Le général Lawson, qui prendra sa retraite d'ici quelques semaines, a rapidement présenté des excuses face au tollé que ses commentaires ont suscité.

« Je suis désolé d'avoir caractérisé maladroitement [...] l'inconduite sexuelle dans les Forces armées canadiennes », a-t-il déclaré dans un communiqué. « Mon commentaire sur l'attirance biologique en tant que facteur d'inconduite sexuelle ne visait en aucun cas à dispenser de responsabilité les personnes ayant commis une inconduite. »

L'aggression sexuelle, une question de domination

Au Centre d'aide et de lutte contre les agressions sexuelles de l'Outaouais, les propos du général Lawson sont dénoncés comme un mauvais message à envoyer à la population en général et aux victimes en particulier.

« Quand on dit que c'est dû à des causes biologiques, ça nous renvoie un peu à des pulsions sexuelles qui sont incontrôlables. C'est un mythe. »

— Une citation de  Isabelle Dubé, intervenante

« Nous, on considère que l'agression sexuelle, ce n'est pas une question de désir sexuel, c'est une question de domination et d'abus de pouvoir. Clairement, des propos comme ceux-ci défont ce qu'on veut envoyer comme message », déplore-t-elle.

Des changements à effectuer

Le colonel Michel Drapeau, qui a traité des questions d'agressions sexuelles dans l'armée en tant qu'avocat, croit que la déclaration du général Lawson est partagée par plusieurs membres de la hiérarchie militaire.

Selon lui, ces commandants doivent prendre leur responsabilité et instaurer une discipline dans les Forces armées canadiennes.

Ce redressement ne serait toutefois pas suffisant. « Je le dis et je le répète, les forces armées ne sont pas habilitées à traiter des dossiers d'inconduite sexuelle », a insisté le colonel à la retraite.

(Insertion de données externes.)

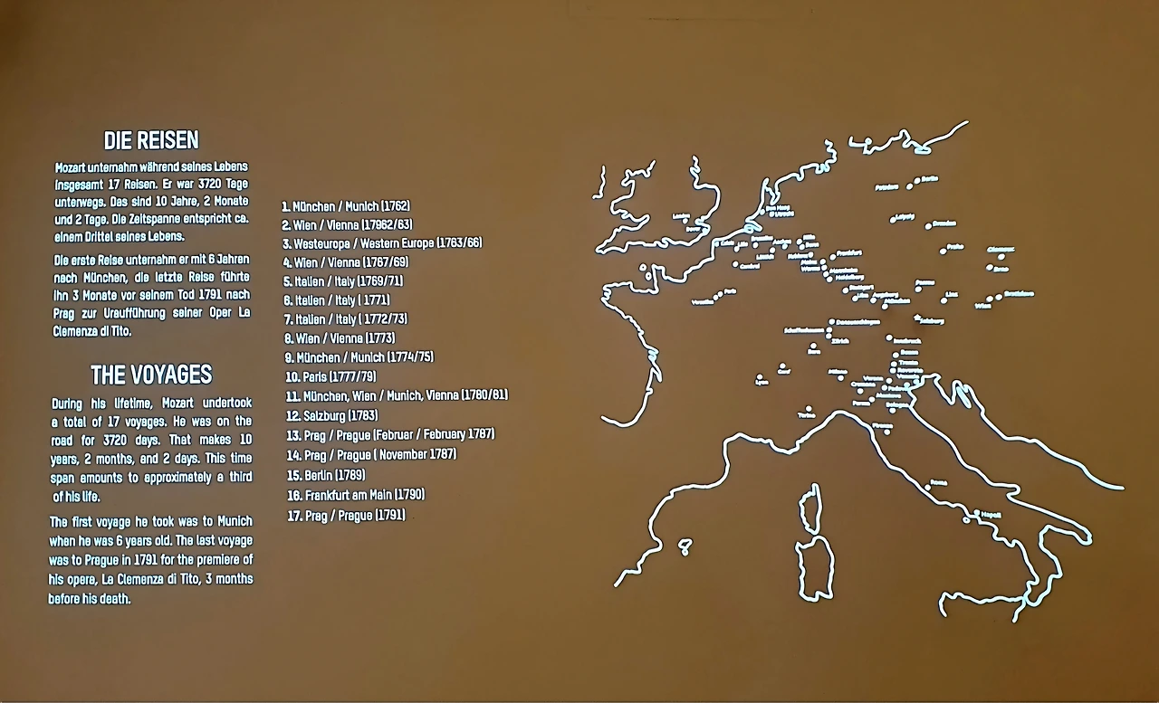 모차르트는 6살부터 연주 여행을 떠났습니다. 첫 여행부터 해외 공연이었습니다. 그의 고향 잘츠부르크에서 멀지 않은 뮌헨이었습니다. 그것을 시작으로 그는 평생 17번의 연주 여행을 하며 죽기 3개월 전인 프라하에서 짧지만 굵은 대장정을 마쳤습니다. 그의 35년 인생 중 1/3에 해당하는 10년 2개월에 해당하는 시간이었습니다. 아래 여행 지도는 잘츠부르크 모차르트 생가에 조성된 박물관 내 전시물입니다.
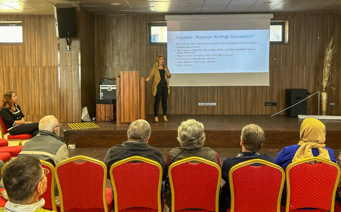 İzmir Büyükşehir Belediyesi Zübeyde Hanım Huzurevi Yaşlı Bakım ve Rehabilitasyon Merkezi'nde, 14 Kasım Dünya Diyabet Günü nedeniyle diyabet hastalığına ilişkin bilgilendirme yapıldı. Medicana International İzmir Hastanesi’nden Uzman Dr. Hümeyra Bozoğlan tarafından verilen eğitime merkezin hekimi Dr. Ayşe Özge Güler de eşlik etti. Hekimler, huzurevi sakinlerine diyabet hastalığından korunmak için yapılması gerekenleri, hastalığın yol açtığı sorunları ve diyabet ile yaşarken dikkat edilmesi gereken noktaları anlattı. Eğitimin ardından katılanlara şeker ölçümü de yapıldı.
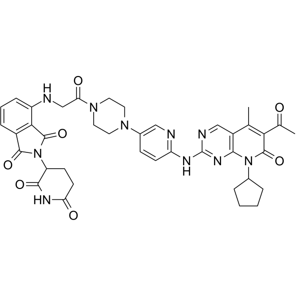 | 产品介绍 | XY028-140 是由 Cereblon 配体和 CDK 配体相连的 PROTAC。XY028-140 抑制癌细胞中的 CDK4/6 表达和 CDK4/6 活性。 | ||||||||||||||||

Le premier ministre du Canada et le ministre de la Défense pourraient aussi contribuer à un changement de situation en déposant un projet de loi. « Ce serait un pas dans la bonne direction pour donner confiance à ceux qui sont des victimes potentielles ou d'anciennes victimes, et pour donner le message fort aux Canadiens que les jeunes qui travailleront dans les forces le feront dans le respect, dans la dignité », soutient M. Drapeau.

La journaliste et auteure Pascale Navarro est persuadée que des changements culturels auront bientôt lieu, puisque les victimes, notamment, sortent du silence. Le colonel Drapeau, quant à lui, ne sera optimiste que lorsque le premier ministre ou le ministre de la Défense agira.